(Beginning of Input for this task)
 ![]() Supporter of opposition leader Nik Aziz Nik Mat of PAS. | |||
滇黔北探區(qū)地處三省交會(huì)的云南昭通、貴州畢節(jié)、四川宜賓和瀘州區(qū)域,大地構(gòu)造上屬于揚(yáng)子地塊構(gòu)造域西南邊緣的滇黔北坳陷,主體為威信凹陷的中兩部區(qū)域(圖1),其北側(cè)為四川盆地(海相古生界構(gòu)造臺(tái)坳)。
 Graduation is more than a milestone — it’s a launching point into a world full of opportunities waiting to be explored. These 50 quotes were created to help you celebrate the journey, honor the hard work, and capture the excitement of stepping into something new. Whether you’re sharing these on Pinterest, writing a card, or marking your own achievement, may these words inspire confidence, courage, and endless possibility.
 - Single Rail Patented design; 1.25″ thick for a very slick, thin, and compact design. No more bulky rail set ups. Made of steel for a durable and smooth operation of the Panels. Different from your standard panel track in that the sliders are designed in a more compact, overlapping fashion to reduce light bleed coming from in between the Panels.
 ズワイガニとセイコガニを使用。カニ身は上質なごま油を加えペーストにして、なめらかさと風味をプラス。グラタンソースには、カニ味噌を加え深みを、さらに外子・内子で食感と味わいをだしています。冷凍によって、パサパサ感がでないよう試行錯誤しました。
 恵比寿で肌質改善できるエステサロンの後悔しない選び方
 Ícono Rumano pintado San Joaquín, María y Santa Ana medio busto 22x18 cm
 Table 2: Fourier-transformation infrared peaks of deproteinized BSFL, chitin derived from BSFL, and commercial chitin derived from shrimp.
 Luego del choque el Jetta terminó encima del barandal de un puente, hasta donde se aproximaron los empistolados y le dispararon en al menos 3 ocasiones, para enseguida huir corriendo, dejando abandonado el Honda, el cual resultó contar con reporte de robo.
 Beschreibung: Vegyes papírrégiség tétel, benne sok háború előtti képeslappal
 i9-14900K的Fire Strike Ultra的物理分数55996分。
(End of Input for this task)
## Task to carry out
Could you reproduce, exactly, every line above from the line with "滇黔北探區(qū)地處三省交" to the line with "Graduation is more", and no other line? Both ends count.

## Exercise answer
滇黔北探區(qū)地處三省交會(huì)的云南昭通、貴州畢節(jié)、四川宜賓和瀘州區(qū)域,大地構(gòu)造上屬于揚(yáng)子地塊構(gòu)造域西南邊緣的滇黔北坳陷,主體為威信凹陷的中兩部區(qū)域(圖1),其北側(cè)為四川盆地(海相古生界構(gòu)造臺(tái)坳)。
 Graduation is more than a milestone — it’s a launching point into a world full of opportunities waiting to be explored. These 50 quotes were created to help you celebrate the journey, honor the hard work, and capture the excitement of stepping into something new. Whether you’re sharing these on Pinterest, writing a card, or marking your own achievement, may these words inspire confidence, courage, and endless possibility.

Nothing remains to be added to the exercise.